Even if the municipality of Visperterminen in the Swiss Oberwallis advertises the supposed European record of 1,150 metres - in the wine region of Kyperounda in the middle of the central Tróodos Mountains, only about 50 kilometres from the port city of Limassol, local as well as international varieties reach good quality up to 1,500 metres above sea level. Since most of the vineyards are located at an altitude of several hundred metres, the grapes are largely protected from the Mediterranean heat; instead, the nightly temperature differences lead to the development of a distinct, refreshing acid profile, especially in the white wines.

The cultivation of the generally poor soils is in part already very close to the conditions of organic viticulture, which is already being practised by the first pioneers in Cyprus: The winegrowers manage almost without fertilisers and pesticides. Irrigation is also largely dispensed with. Only the new plants of mostly demanding winegrowers are irrigated in the first years of growth. With a mostly dry surface, the vines are often able to draw out the necessary water from the deeper, moist limestone layers with their fine root system.
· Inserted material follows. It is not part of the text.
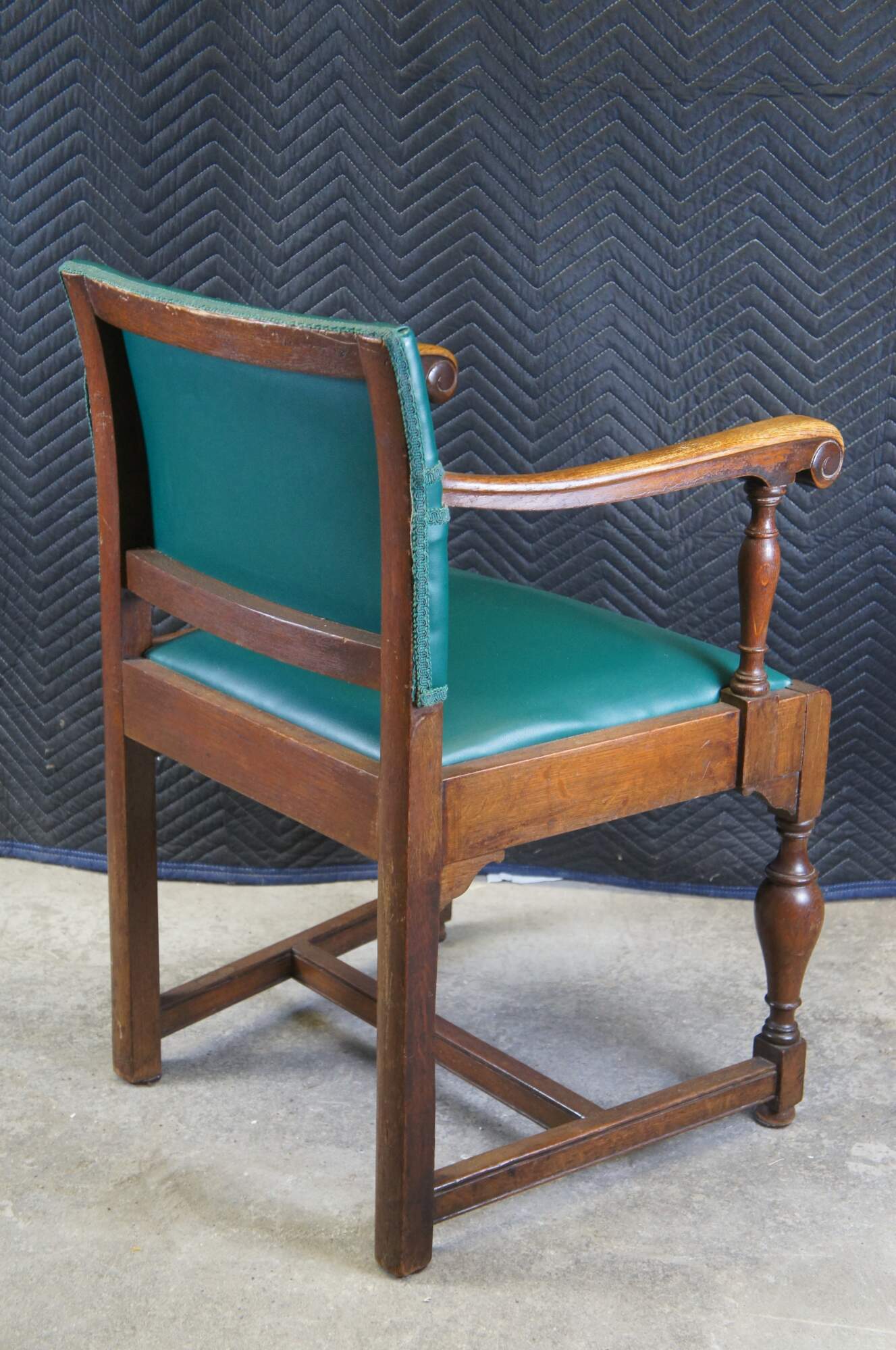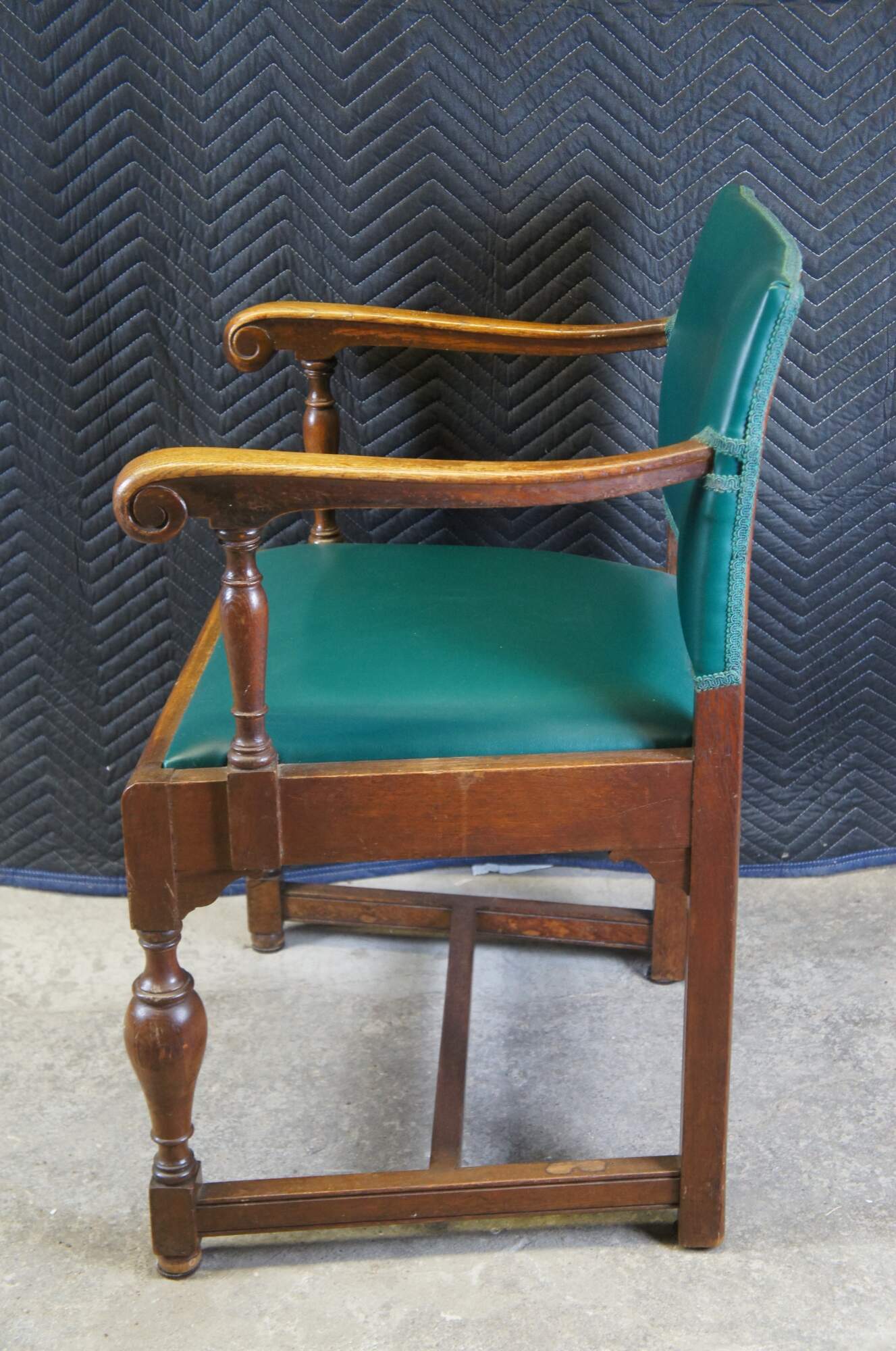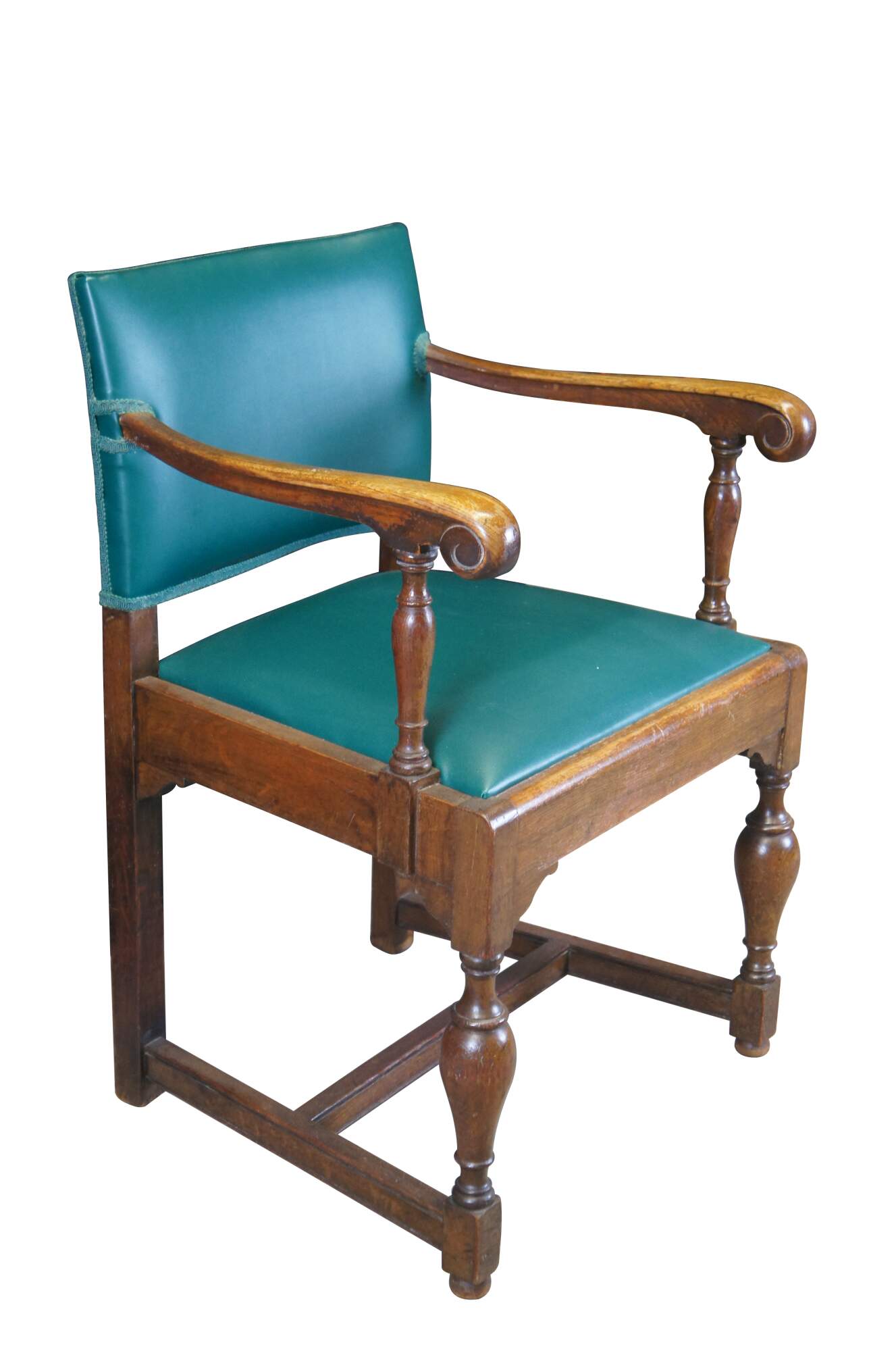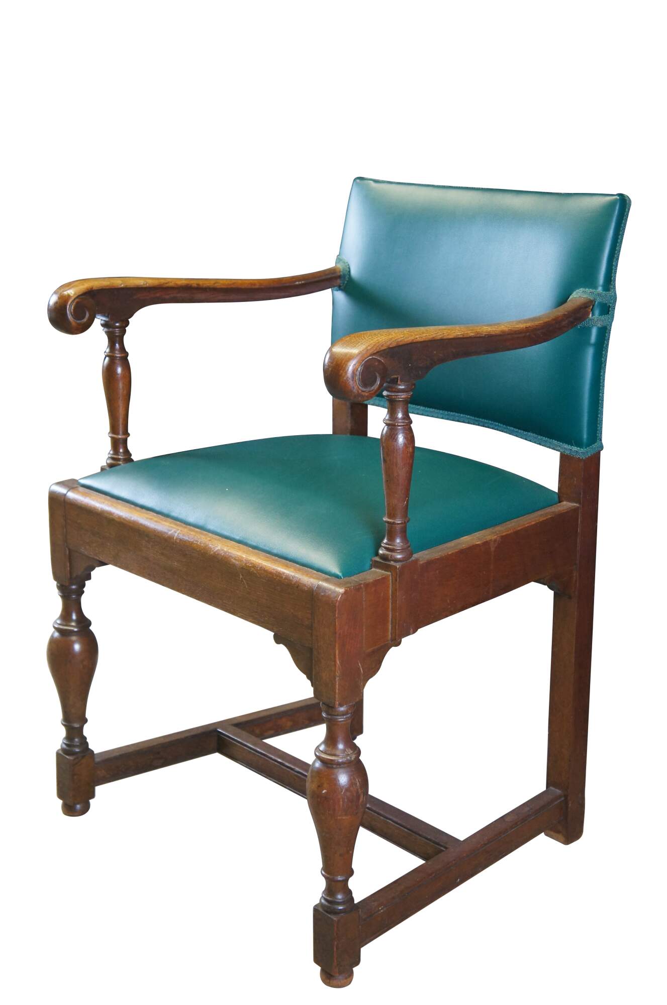 Antique Spanish Revival elbow armchair. Made of quartersawn oak featuring vinyl upholstery with turned supports and H stretcher.

Due to natural fluctuations in the vineyards, which are by no means trimmed for high performance, the annual yields are approximately between 300,000 and 400,000 hectolitres. Among the red varieties, the autochthonous Mavro grape predominates: With about 5,400 hectares, it occupies about 45% of the total planted area. It is quite productive, but not very colourful and is considered rather "limited" in its aromatic possibilities. Carignan has the next largest share with about 850 hectares, followed by Cabernet Franc with 400 and Cabernet Sauvignon with 320 hectares. Mataro - better known as Mourvèdre, which immigrated here - produces full-bodied wines with fruit and tannins, but with 220 hectares it is underrepresented given its rather low-maintenance cultivation. Much more difficult is the autochthonous Maratheftiko.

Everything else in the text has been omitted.